[Python-Dev] PEP: Collecting information about git

R. David Murray rdmurray at bitdance.com
Wed Sep 16 19:34:35 CEST 2015


On Wed, 16 Sep 2015 09:17:38 -0700, Nikolaus Rath <Nikolaus at rath.org> wrote:
> On Sep 16 2015, "R. David Murray" <rdmurray at bitdance.com> wrote:
> > The DAG plus git branches-as-labels *fits in my head* in a way that the
> > DAG plus named-branches-and-other-things does not.
> 
> Hmm, that's odd. As far as I know, the difference between the hg and git
> DAG model can be summarized like this:
> 
>  * In git, leaves of the DAG must be assigned a name. If they don't have
>    a name, they will be garbage collected. If they have a name, they are
>    called a branch.
> 
>  * In hg, leaves of the DAG persist. If you want to remove them, you
>    have to do so explicitly (hg strip), if you want them to have a name,
>    you must do so explicitly (hg bookmark). A node of the DAG with a
>    name is called a bookmark.
> 
>  * hg named branches have no equivalent in git. 
> 
> Does that help?

Well, that last bullet kind of complicates the model, doesn't it?  :)
Especially when you add the fact that (IIUC) which named branch a commit
is on is recorded in the commit or something, which means the DAG is
more complicated than just being a DAG of commits.  The fact that I have
to worry about (remember to delete) branches I no longer want is also an
additional mental load, especially since (again, IIUC) I'd have to
figure out which commit I wanted to strip *from* in order to get rid of
an abandoned branch.

This is what I mean by hg not being *oriented* toward the simple model:
if I end up with extra heads in my cpython repo I treat this as a bug
that needs to be fixed.  In git, it's just a branch I'm working with and
later do something with...or delete, and git takes care of cleaning up
the orphaned commits for me.  I'm leery (wrongly, I suspect) of creating
branches in hg because they don't fit into my mental model of how I'm
working with the cpython repository and its named branches.  Now, is
that just a consequence of having learned mercurial in the context of how
CPython uses it?  I don't know.

As another example of this orientation issue, rebase was a big no-no in
hg when we started with it, and so I would only deal with patch sets (hg
diff to save a work in progress, reapply it later...a pattern I still
follow with cpython/hg) so that I didn't screw up my history.  In git,
it is the most natural thing in the world to take a branch you've been
working on and rebase it on to the point in the tree where you want to
commit it.  Even now I have to read carefully and think hard every time
I use the hg rebase command...I'm not sure why it is, but again it
doesn't fit in my head the way the git rebase does[*].

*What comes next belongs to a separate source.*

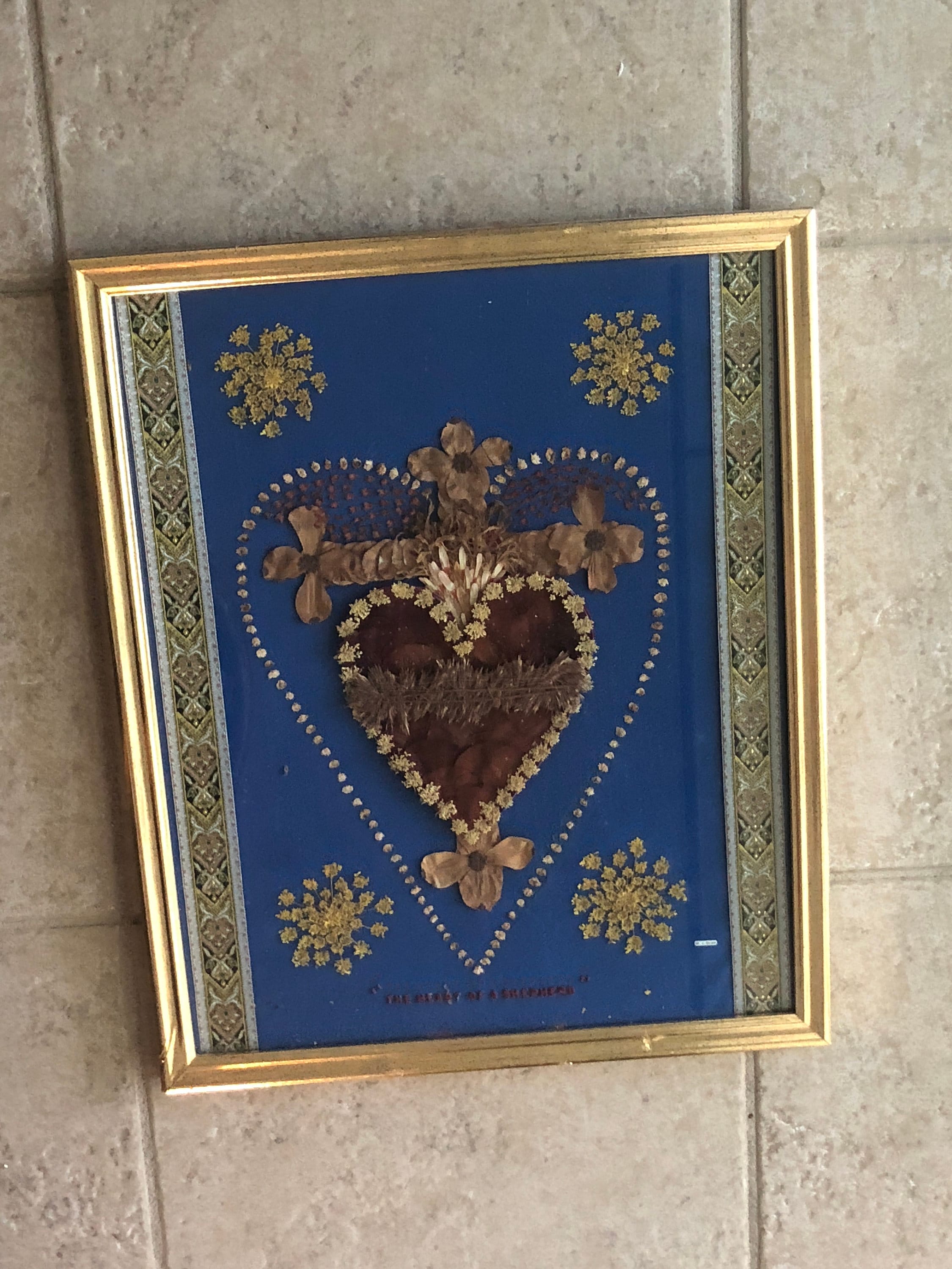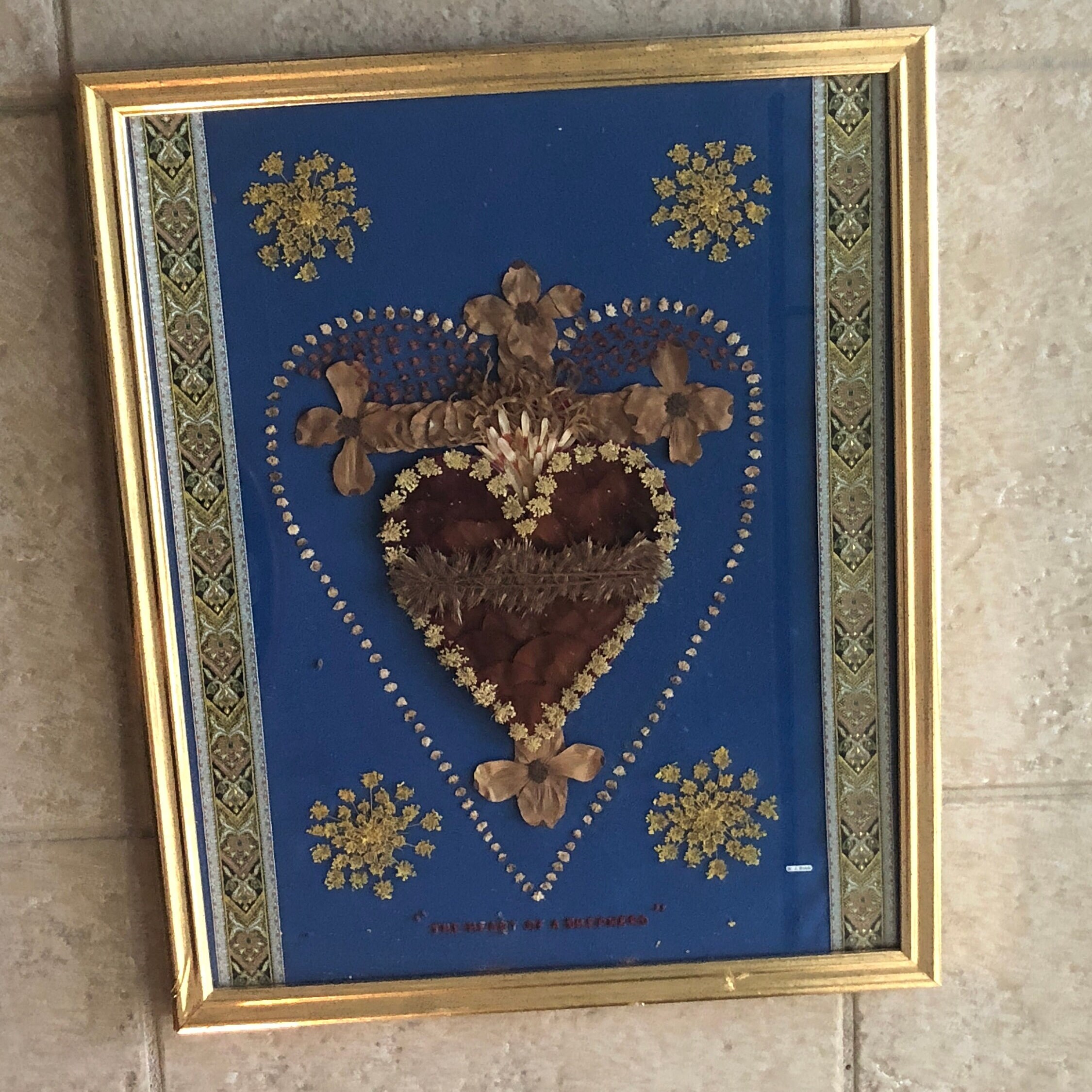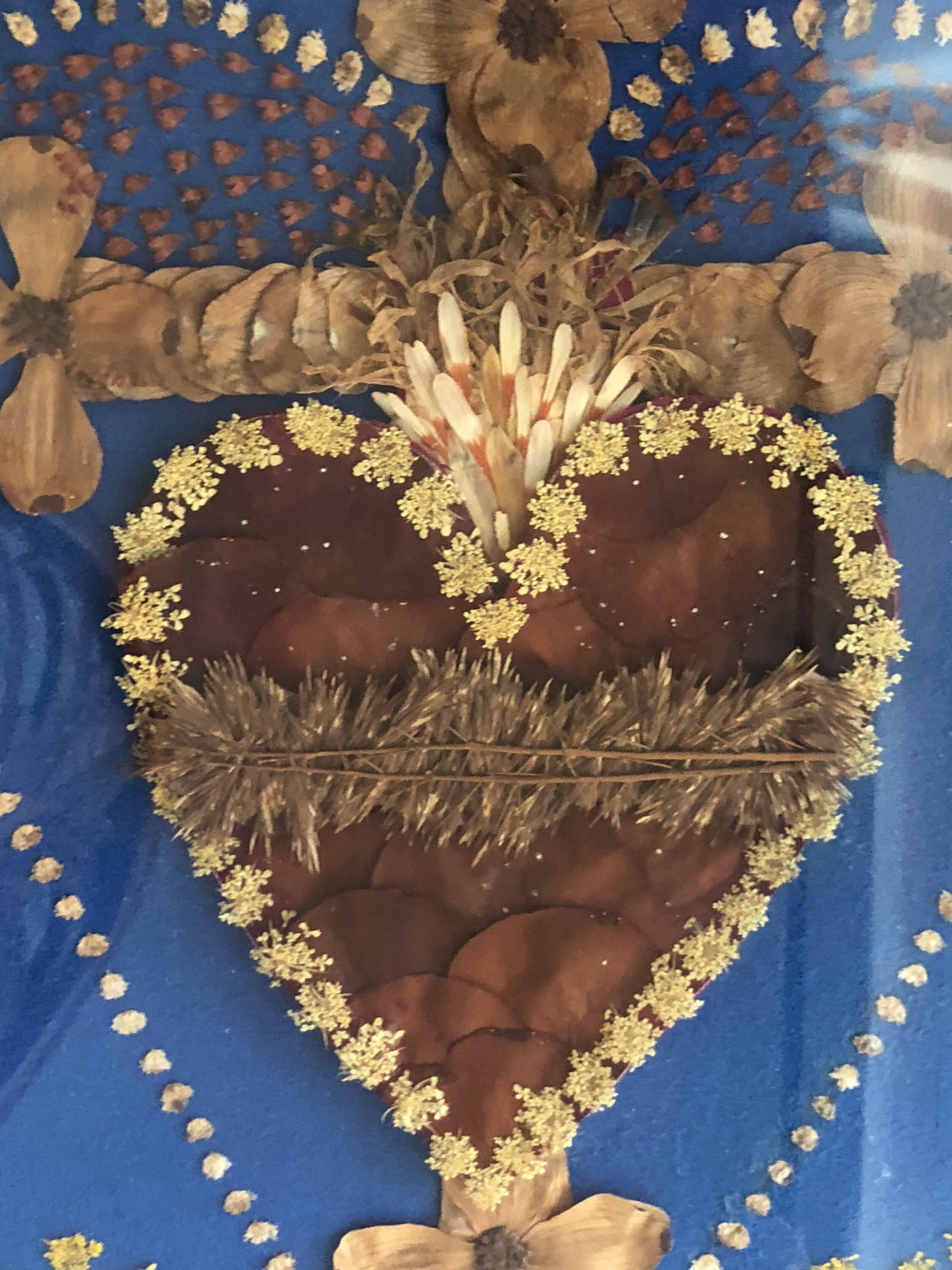 Sacred Heart in Dried Flowers with dried flower accents and ornate ribbons on each side . Blue Felt Fabric Background

None of these things that mercurial does is *wrong*, and in fact they
are very useful in the right context.

The point is that the git model is *simple*.  Like I said, it fits
in my head.  I guess I have a small head :)

But, now the thread is again drifting away from how mercurial and git
relate to cpython development into simply how mercurial and git differ.

--David

[*] Note also that the hg help lacks the DAG examples that the current
git help has, and that it talks about "repeated merging" when what I
want to do is *move* the commits, I don't want to merge.  I think it
means exactly the same thing, but again it doesn't fit into my simple
git mental model of moving a branch of the DAG from here to there.